Consider the pathological example given in Fig. 3 (c) . At time 1, tasks of levels A, B, and C are released. Their release timers fire in reverse-priority order, causing the following unfortunate sequence of events. First, the level-C task is released; then it is scheduled to run. Then, the level-B task is released; this causes rescheduling for the level-C task, and the level-B task is scheduled to run. Finally, the level-A task is released; this causes the level-B task to be preempted, and the level-A task is scheduled to run.

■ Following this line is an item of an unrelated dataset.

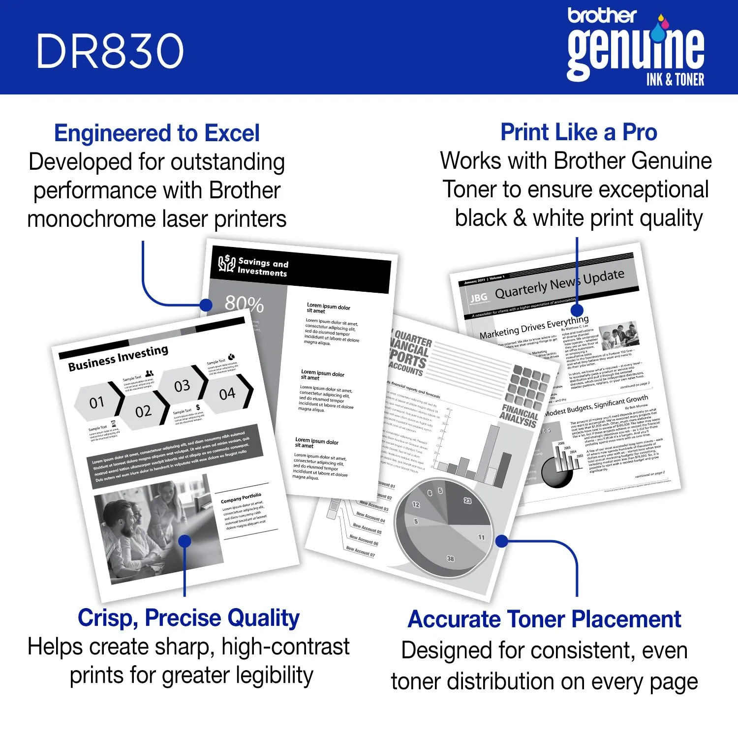 Print confidently and help optimize Brother multifunction and allinone Brother Monochrome Black White Laser Printer performance with a Brother Genuine DR830 Drum Unit. Longlasting Drum Unit works with Brother Genuine Toner cartridges to create professionallooking prints with even, consistent toner distribution on every page. Yields up to 15,000 pages1 .

Our implementation supports a feature, called timer merging, to rectify this situation. When this feature is enabled, release events that will occur within 1 μs of one another are merged using an O(1) hash table operation. This results in the behavior illustrated in Fig. 3 (d) . The merging algorithm does not easily scale across multiple processors, as synchronization issues would arise that would require expensive global locks. Thus, in our implementation, the timer merging feature can only be used in conjunction with the interrupt master feature (where timers only fire on a single processor), and we evaluate the two features as a single unit (later in Sec. 3.3).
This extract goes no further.